**Problem to solve:** With the pictures left out, copy the records below exactly from the first line down to the line holding "Postcard design features", and include that line.

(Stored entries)
=-=-=

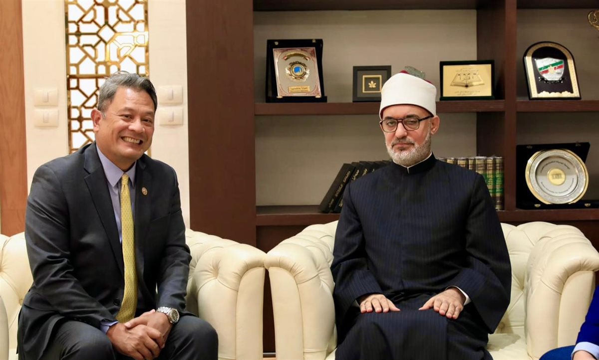 من جانبه، أعرب سعادة السفير التايلاندي عن تقديره لجهود دار الإفتاء المصرية في خدمة قضايا العالم الإسلامي، مشيدًا بالتطور الكبير الذي تشهده الدار في مجالات التدريب والإفتاء ومواجهة الفكر المتطرف، مؤكدًا تطلعه بلاده إلى تعزيز أواصر التعاون مع دار الإفتاء المصرية، والاستفادة من خبراتها العريقة، خاصة في تدريب المفتين وتطوير الخطاب الديني المعتدل في تايلاند، بما يسهم في نشر قيم التسامح والتعايش السلمي.
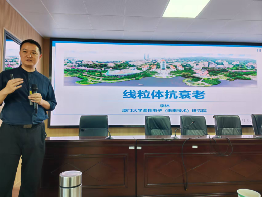 9月12日,国家级青年人才、厦门大学柔性电子(未来技术)研究院李林教授应邀来taptap点点,作题为“线粒体抗衰老”的专题学术报告。材料与化工学院院长张儒、副院长谭建平及材料与化工学院、医学工程技术学院的众多师生共同参加。报告由谭建平主持。
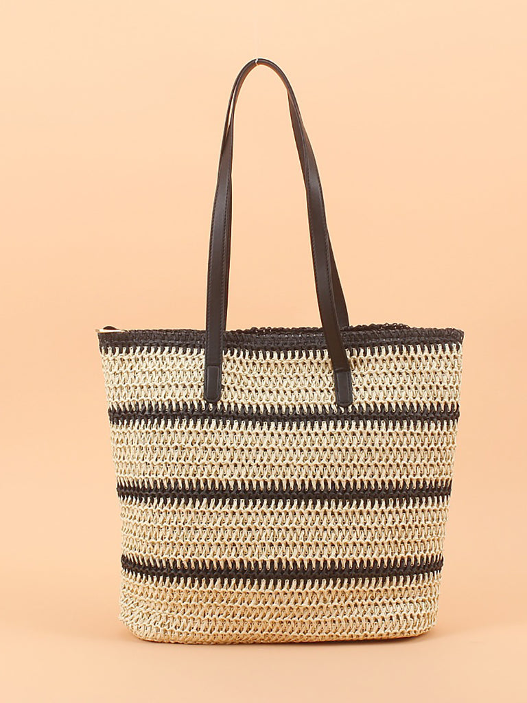 Women Fashion Colorblock Straw Weave Shoulder Bag
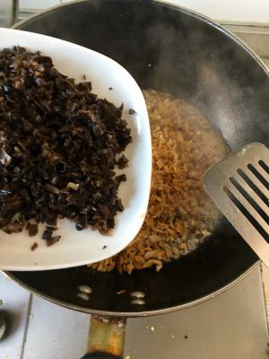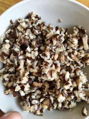 泡好的木耳切碎,与鸡蛋,黄花,粉丝,香菇是一比一的量(冷水泡)
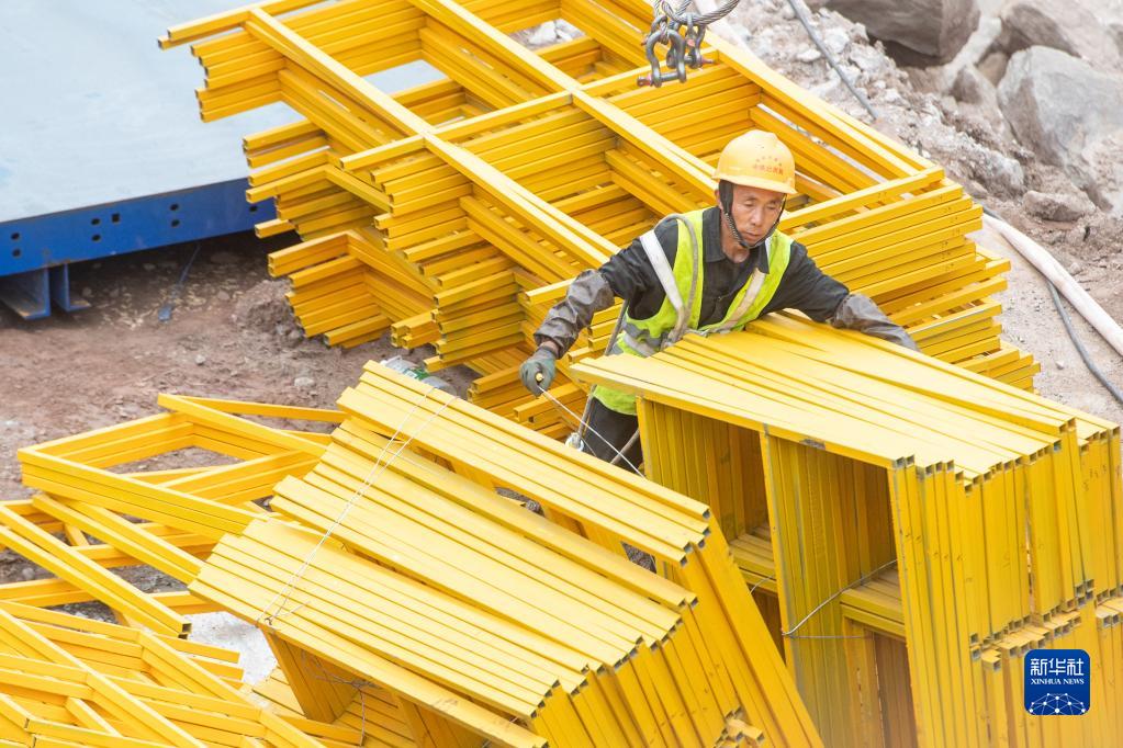 4月28日,工人在成達萬(wàn)高速鐵路建設現場(chǎng)作業(yè)。
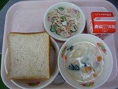 胚芽食パン、クリームシチュー、かみかみサラダ、牛乳
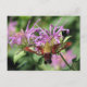 Postcard design features a photograph of a Hummingbird Clearwing Moth feeding on native Wild Bergamot (Monarda fistulosa).
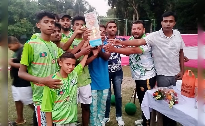 খেলা শেষে বিজয়ীদের মাঝে পুরস্কার বিতরণ করেন অতিথিবৃন্দ।
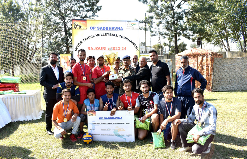 RAJOURI, Oct 29: Indian Army organized Inter Tehsil Volleyball Tournament at ALG, Rajouri and concluded here today. The teams from eight Tehsils, Darhal, Manjakot, Thanamandi, Rajouri, Kalakote, Naushera, Kotranka and Budhal participated in this tournament.
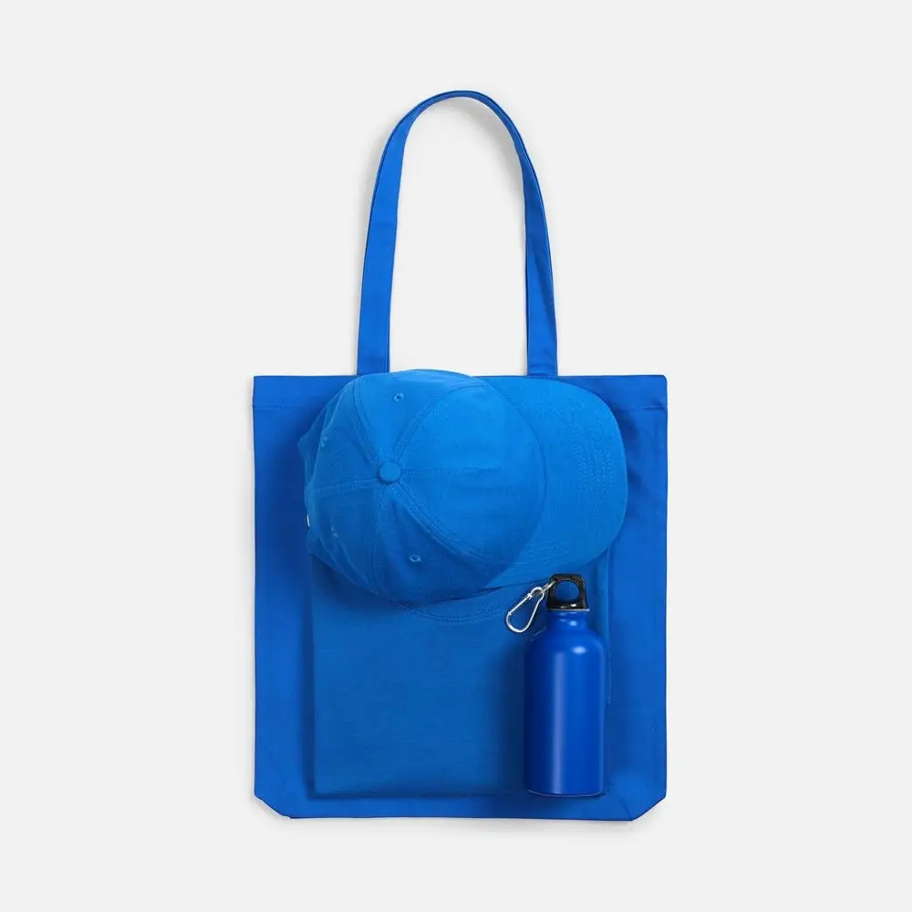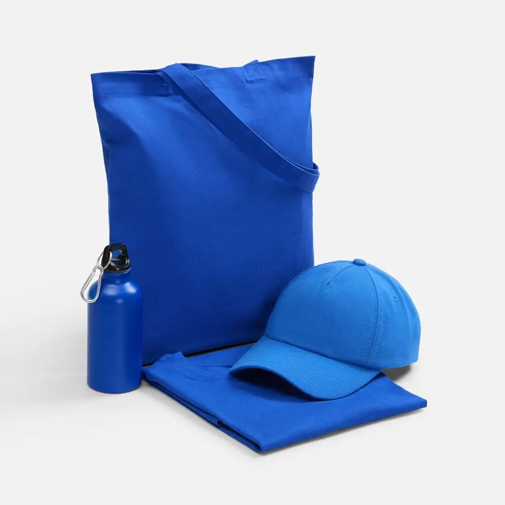 футболка - хлопок 100%, плотность 140 г/м²; джерси; бейсболка - полиэстер, 75%; хлопок, 25%, плотность 170 г/м²; джерси; бутылка - алюминий; крышка - пластик; сумка - хлопок 100%, плотность 220 г/м²; саржа
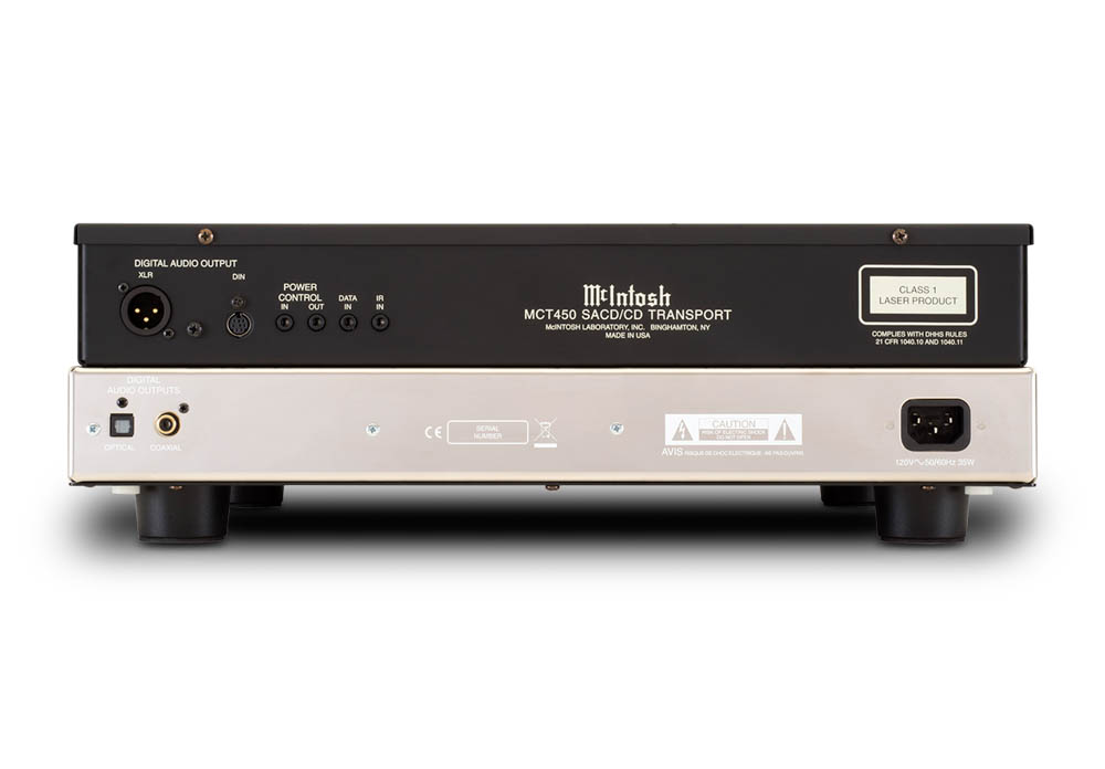 McIntosh MCT450 is a transport that can play CD and SACD. For CDs, you can choose between optical, coax and XLR outputs. If you want to play SACDs, you are dependent on using McIntosh`s special variant of digital DIN output. This interface can also be used to all PCM-based formats supported by MCT450 (CD / CD-R / CD-RW with Redbook, waw or MP3). But to use DIN transfer you depend on having a McIntosh digital processor at the other end, and you must use McIntosh`s special DIN cable. This protocol can also transmit multichannel DSD SACD, then transferred to an AV processor with digital DIN input.
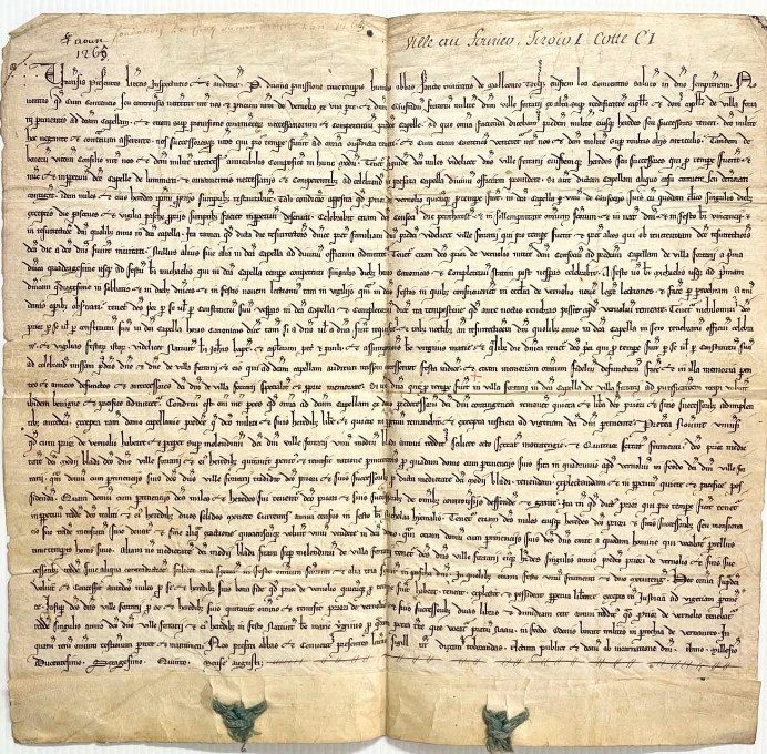 Une Charte de 1265 réglant à l'amiable un litige entre le prieur de Vernoil de la communauté de Mauléon et le seigneur de la Ville-au-Fourrier a été transcrite et traduite par M. Sylvestre Jardin, diplômé de l'école des Chartes, pour M. Mathieu Nadler, propriétaire du document
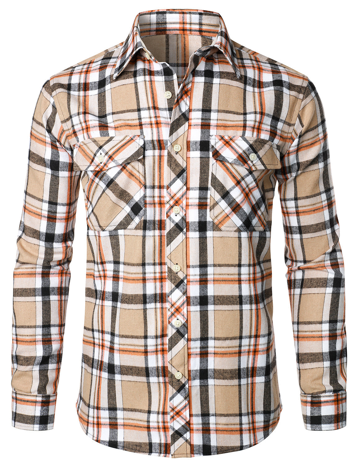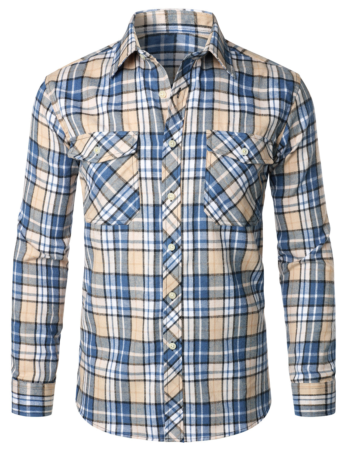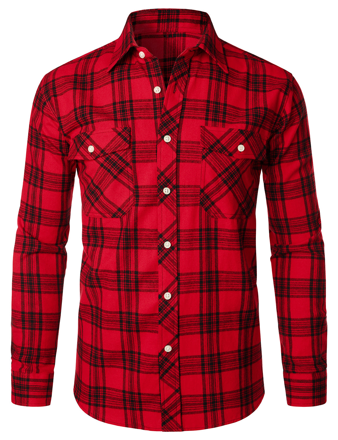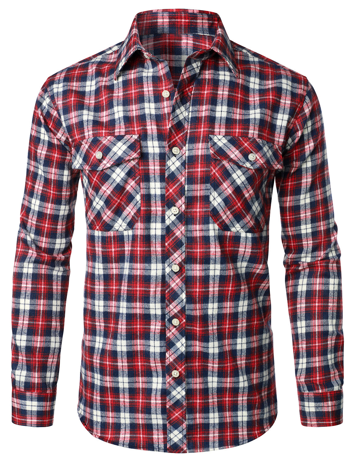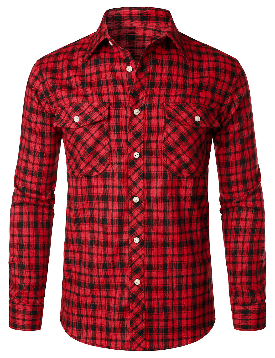 Men's Flannel Double Pocket Checkered Button Up Long Sleeve Casual Plaid Shirt
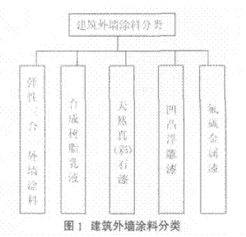 我國的建筑外墻涂料主要可以分為以下五種(如圖1):彈性三合一外墻涂料、合成樹脂乳液、天然真(彩)石漆、凹凸浮雕漆、氟碳金屬漆。以上物種材料除合成樹脂乳液為薄質(zhì)涂料外,其余均為厚質(zhì)涂料,其中應(yīng)用最廣泛的外墻涂料合成樹脂乳液。建筑外墻涂料對建筑物有著保護(hù)和裝飾的作用,環(huán)保型建筑外墻涂料與傳統(tǒng)的建筑外墻涂料相比,色彩更豐富、更節(jié)能環(huán)保也更易更新,因而環(huán)保建筑外墻涂料在我國建筑業(yè)的使用形成了一種必然的趨勢。
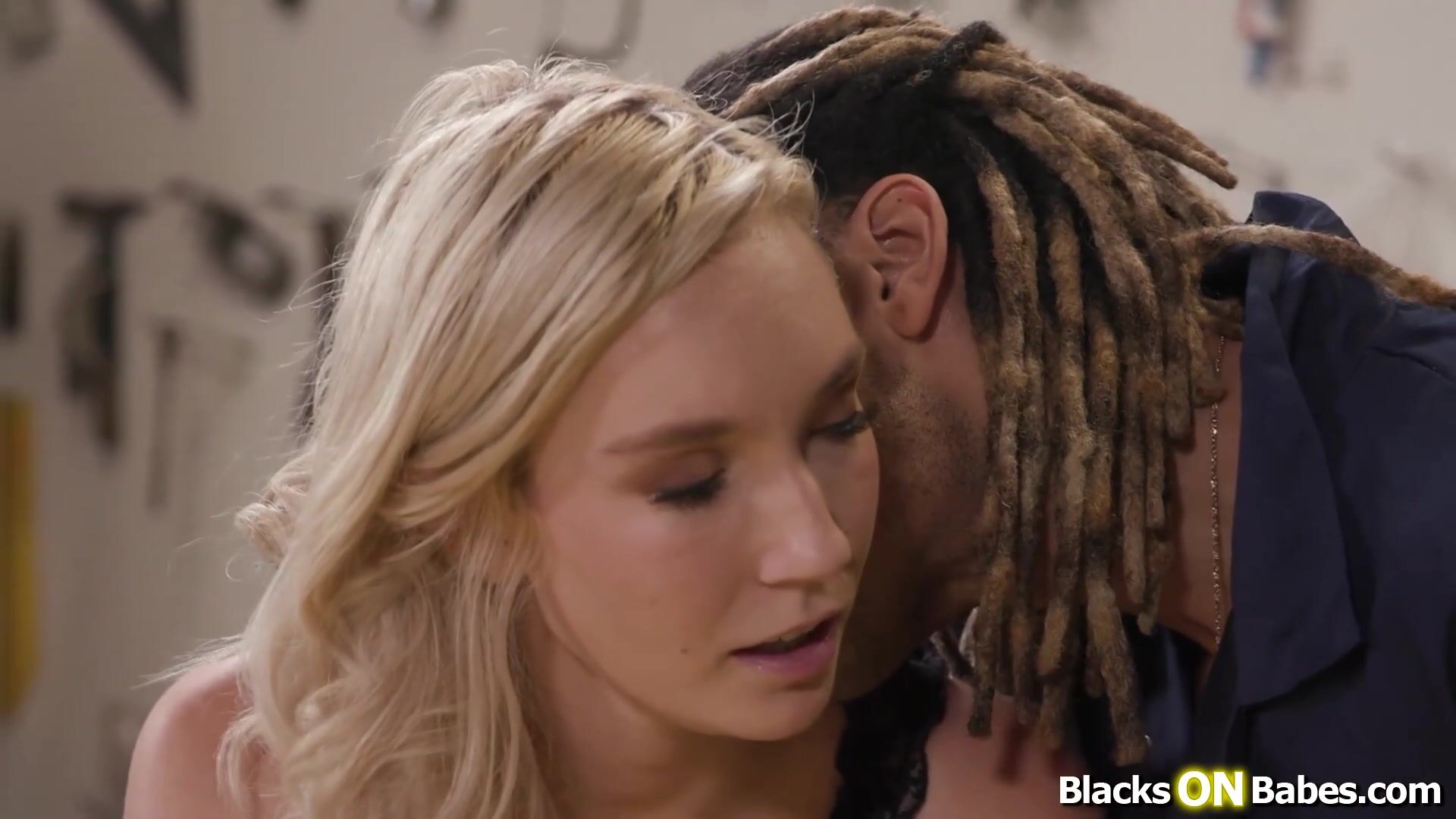 Blonde Claire Roos gets kinky with the black mechanic.The guy caresses her small tits.She gets down and deepthroats his big black cock, spreads her legs and gets her shaved pussy fucked on the hood.Then finally rides his bbc getting her ass fucked.

=-=-=

**Answer to this task:**
 من جانبه، أعرب سعادة السفير التايلاندي عن تقديره لجهود دار الإفتاء المصرية في خدمة قضايا العالم الإسلامي، مشيدًا بالتطور الكبير الذي تشهده الدار في مجالات التدريب والإفتاء ومواجهة الفكر المتطرف، مؤكدًا تطلعه بلاده إلى تعزيز أواصر التعاون مع دار الإفتاء المصرية، والاستفادة من خبراتها العريقة، خاصة في تدريب المفتين وتطوير الخطاب الديني المعتدل في تايلاند، بما يسهم في نشر قيم التسامح والتعايش السلمي.
 9月12日,国家级青年人才、厦门大学柔性电子(未来技术)研究院李林教授应邀来taptap点点,作题为“线粒体抗衰老”的专题学术报告。材料与化工学院院长张儒、副院长谭建平及材料与化工学院、医学工程技术学院的众多师生共同参加。报告由谭建平主持。
 Women Fashion Colorblock Straw Weave Shoulder Bag
 泡好的木耳切碎,与鸡蛋,黄花,粉丝,香菇是一比一的量(冷水泡)
 4月28日,工人在成達萬(wàn)高速鐵路建設現場(chǎng)作業(yè)。
 胚芽食パン、クリームシチュー、かみかみサラダ、牛乳
 Postcard design features a photograph of a Hummingbird Clearwing Moth feeding on native Wild Bergamot (Monarda fistulosa).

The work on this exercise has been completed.